Entfremdung und Verschwörung
Das liegt auch an der – zumindest gefühlten – Entfremdung des politischen Betriebs von der Bevölkerung, die sich etwa in der Zusammensetzung der Parlamente manifestiert. Würden sich alle Juristinnen und Juristen im aktuellen Bundestag zu einer Fraktion zusammenschließen, sie würden dort die zweitstärkste Kraft bilden. Menschen mit kleineren Einkommen hingegen, vom Land oder aus Kleinstädten, sind unterrepräsentiert. Mit der Entfremdung geht ein Vertrauensverlust einher – das bekommen vor allem etablierte politische Parteien zu spüren. Nur noch 27 Prozent der Bevölkerung sagen, dass sie Parteien eher vertrauen würden. Entsprechend hat sich auch die Zahl der Parteimitglieder seit 1990 mehr als halbiert. Heute sind noch gerade mal 1,2 Millionen Menschen bundesweit Mitglied einer Partei.

Doch das Problem ist womöglich noch vielschichtiger: Der Wuppertaler Soziologe Hans Joachim Lietzmann, der lange zu Demokratie und Bürgerbeteiligung geforscht hat, stellt fest, dass die Erosion des Vertrauens in Institutionen mit einer stetig wachsenden Selbstermächtigung der Bürgerinnen und Bürger einhergeht. „Die Menschen versorgen sich selbst mit Informationen und sie vertrauen Politikern heute ebenso wenig wie zum Beispiel der Kirche“, sagt Lietzmann. Kaum jemand glaube heute noch, dass Politiker besondere Fähigkeiten haben müssten. „Die Bürger leben in einem Gefühl der Selbstwirksamkeit, haben aber zugleich enorme Angst davor, tatsächlich alles selbst entscheiden zu müssen“, sagt Lietzmann. Das sorge für Widersprüche, auch in ihrem Verhalten. Einerseits glauben Bürger, wie in den Corona-Lockdowns, selbst am besten für sich sorgen zu können, andererseits sehnen sie sich nach klaren Lösungsvorgaben der Politik. Und ebenso widersprüchlich können die Gründe sein, warum Menschen nicht wählen gehen: etwa, weil sie möglicherweise ganz zufrieden sind. Oder aber weil es ihnen nicht reicht, das kleinere Übel zu wählen. Unpolitisch sind Nichtwähler deshalb noch lange nicht, auch längst nicht immer passiv und desinteressiert, sondern eher weniger kompromissbereit.
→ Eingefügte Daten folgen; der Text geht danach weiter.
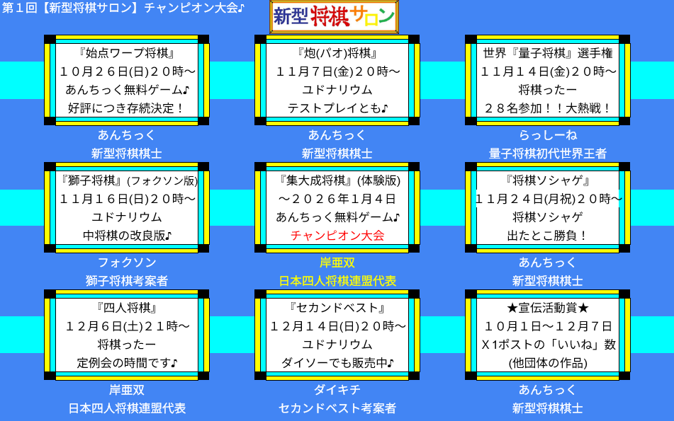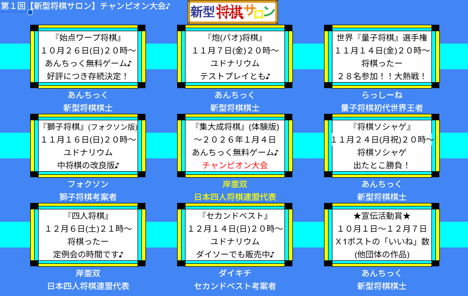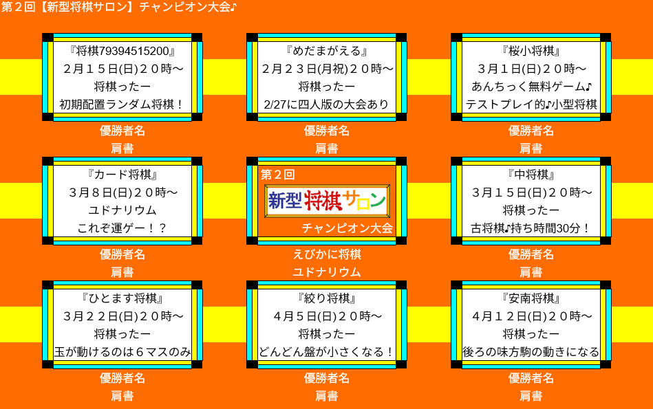 - 第2回【新型将棋サロン】チャンピオン大会開催!\(^ワ^)/

Aber Demokratie erfordert Frustrationstoleranz. Wolfgang Schäuble, langjähriger Bundesminister, Bundestagspräsident und bis zu seinem Tod über 50 Jahre Mitglied des Bundestags, hat es einmal so formuliert: „Demokratie beruht auf der Bereitschaft zu akzeptieren, dass andere Meinungen ihren Platz haben, auch wenn sie der eigenen widersprechen. Und anzuerkennen, dass am Ende nicht entscheidend ist, was ich denke, sondern was die Mehrheit entscheidet. Deshalb ist Demokratie ein anspruchsvolles Modell des Zusammenlebens.“ Schäuble fragte: „Wer beugt sich schon gerne einer Meinung, die er persönlich für falsch hält?“

Es scheint, als sinke die Bereitschaft dazu in der Bevölkerung. Deutschland konnte lange ganz zufrieden sein mit seinem – verglichen mit anderen europäischen Ländern – milden Protestklima. In Krisenzeiten sieht es nun aber so aus, als würden sich immer mehr Unzufriedene von demokratischen Prinzipien abwenden. Die repräsentative Mitte-Studie der Friedrich-Ebert-Stiftung sieht eine wachsende Minderheit der Bevölkerung, die mit einer Diktatur und totalitären Einstellungen flirtet. Fast 17 Prozent vertreten nationalchauvinistische Ideen, behaupten also die nationale Überlegenheit Deutschlands und stellen die eigene Volkszugehörigkeit über andere Länder. Knapp sieben Prozent wünschen sich einen starken Führer, etwa doppelt so viele wie in früheren Jahren.